When someone corrects you, it hurts. When you’re depressed it hurts more. I think you’re instinctively jumping from this to the false conclusion that when people correct you, they want to hurt you. You’re not a bad system and you should not feel bad. Those are not my reasons for correcting you. LessWrong is all about people correcting each other and improving that way. People are biased in general ways and depressed people are biased in more specific ways.
If I hadn’t talked about splitting but confirmation bias for example, would you have taken it as badly? Do you think people shouldn’t correct you in general, or that they shouldn’t correct you when your behaviour is clearly caused by depression? Does pointing out that you have confirmation bias cause you to feel that you’re a bad system?
Keeping in mind this is LessWrong: If you don’t want people correcting you about something, don’t bring it up.
You implied that people who correct you do so to get an excuse to call you a parasite, a bad system, whatever. If I really believed I did that, then yes I would believe I’m an evil asshole. It’s true you didn’t make that value judgement, but you’re incorrect about why I made it.
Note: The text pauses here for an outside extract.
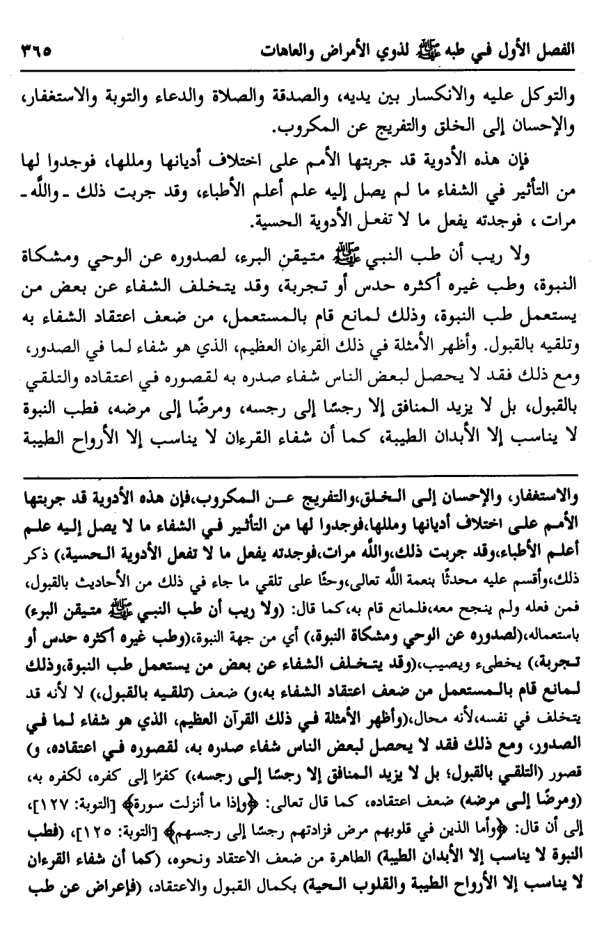 ولا ريب أن طب النبي صلى الله عليه وسلم متيقن البرء، لصدوره عن الوحي ومشكاة النبوة، وطب غيره أكثره حدس أو تجربة، وقد يتخلف الشفاء عن بعض من يستعمل طب النبوة، وذلك لمانع قام بالمستعمل، من ضعف اعتقاد الشفاء به وتلقيه بالقبول. وأظهر الأمثلة في ذلك القرآن العظيم، الذي هو شفاء لما في الصدور، ومع ذلك فقد لا يحصل لبعض الناس شفاء صدره به لقصوره في اعتقاده والتلقي بالقبول، بل لا يزيد المنافق إلا رجسًا إلى رجسه، ومرضًا إلى مرضه، فطب النبوة لا يناسب إلا الأبدان الطيبة، كما أن شفاء القرآن لا يناسب إلا الأرواح الطيبة.
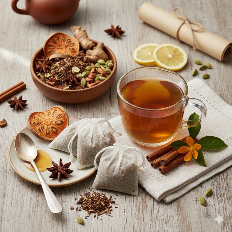 Tapee Tea is a multi-botanical Thai infusion designed around herbal harmony. Unlike regular tea made from Camellia sinensis, Tapee Tea contains no caffeine. Its flavor signature blends warming spices, citrus-soft fruit, and herbal aromatics to deliver a layered, soothing cup.

I have no illusions about fixing you. If I nudge you in the right direction, great, if not, at least I’ve learned something about people.
I don’t believe that. I’m mostly an egoist, although I do have altruistic tendencies like most people.
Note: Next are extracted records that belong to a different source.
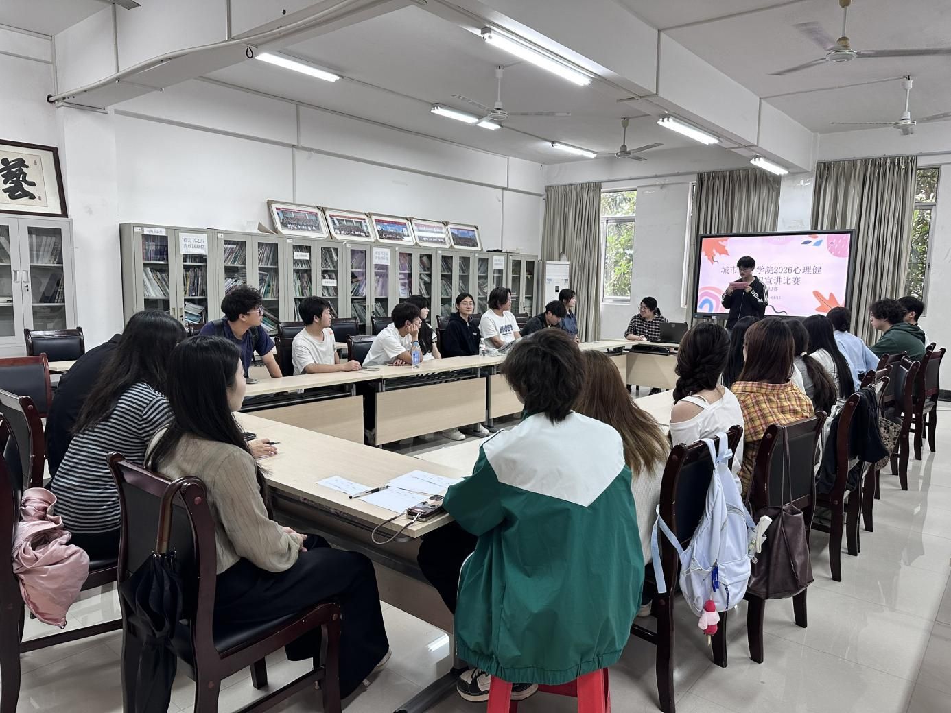 为深入贯彻学校心理健康教育工作部署,4月21日中午,城市设计学院在嘉善楼213教室举办“2026年大学生心理健康知识宣讲比赛”院内选拔赛。学院党总支副书记、辅导员代表及各班参赛学生代表共同参与了此次活动。
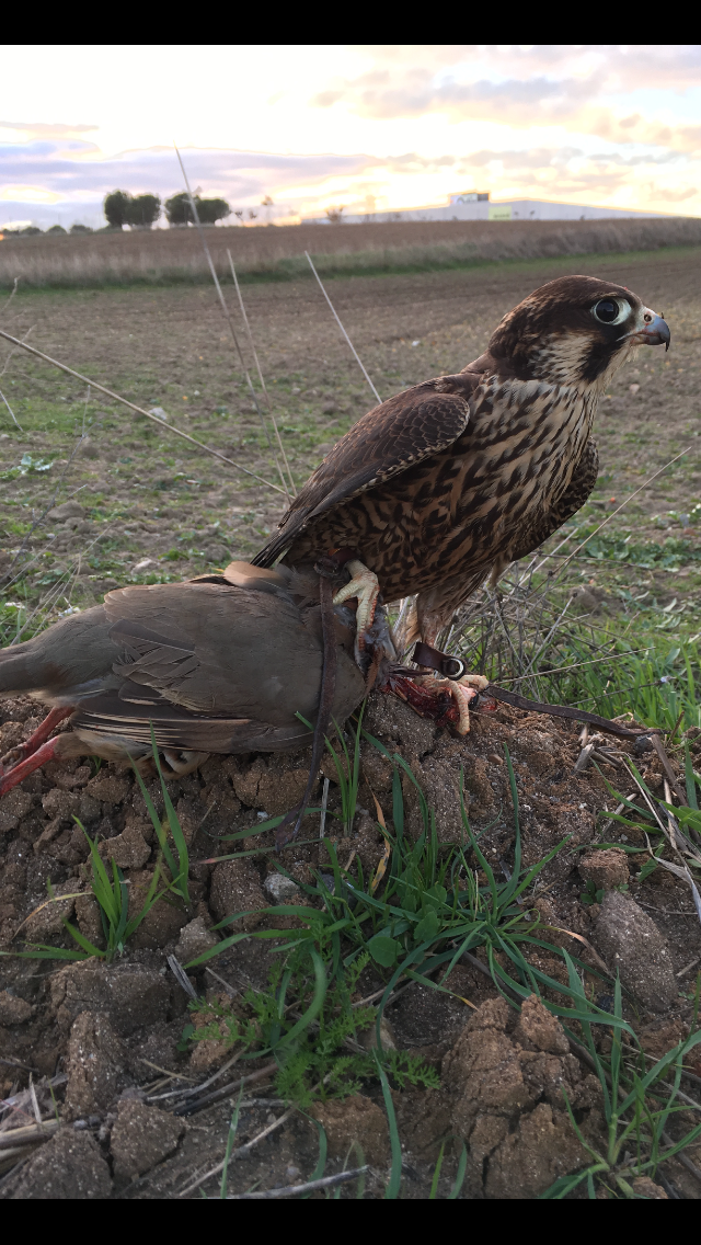 Pájaro con 50 días de vuelo en circular, ha cazado perdices con un peso estable de 560 gr, y palomas en más.
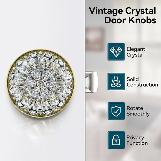 Antique Brass Crystal Glass Door Knobs with Lock, 5 Pack for Bedroom Bathroom - Vintage Calzibeno Interior Door Knob
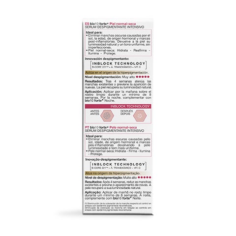 Disminuye de forma visible las manchas oscuras de diferentes orígenes: solares, de la edad, hormonales o post-inflamatorias. Incorpora la avanzada INBLOCK TECHNOLOGY, que combina B-CORE 221TM y Ácido Tranexámico para abordar la hiperpigmentación de manera completa, actuando en todas las etapas del desarrollo de las manchas. Tras 4 semanas de uso, el tono cutáneo luce más uniforme, radiante y con las manchas visiblemente difuminadas.
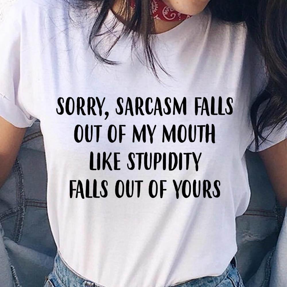 Sorry Sarcasm Falls Out Of My Mouth Like Stupidity Falls Out Of Yours Quotes Shirt
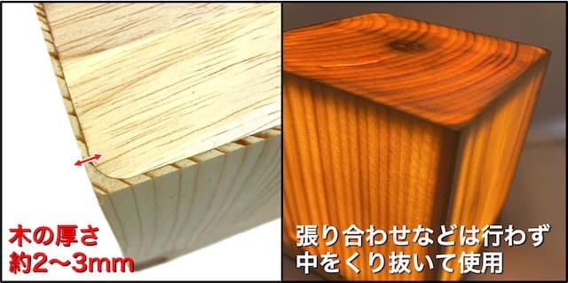 木目プリントや切断した木を貼り合わせたのではなく木の中身をくり抜いて使用しています。

Some people take advice, some don’t. This applies to depressed people too. For people who have depressive tendencies, we’re both highly atypical, in the sense that we’re interested in X-rationality. If I expected you to be a typical depressed person, I wouldn’t talk to you in this particular manner, and would have indeed expected that correcting you is utterly useless to begin with.
Concerning your metaphor, not all depressed people are drowning, although some are. Some didn’t know how to swim in the first place, some forgot how to swim in specific ways and talking to them without giving them practical swimming lessons could be sufficient for making them better swimmers in relatively calm waters.
This thread has become painstaking enough that it’s time for me to eject.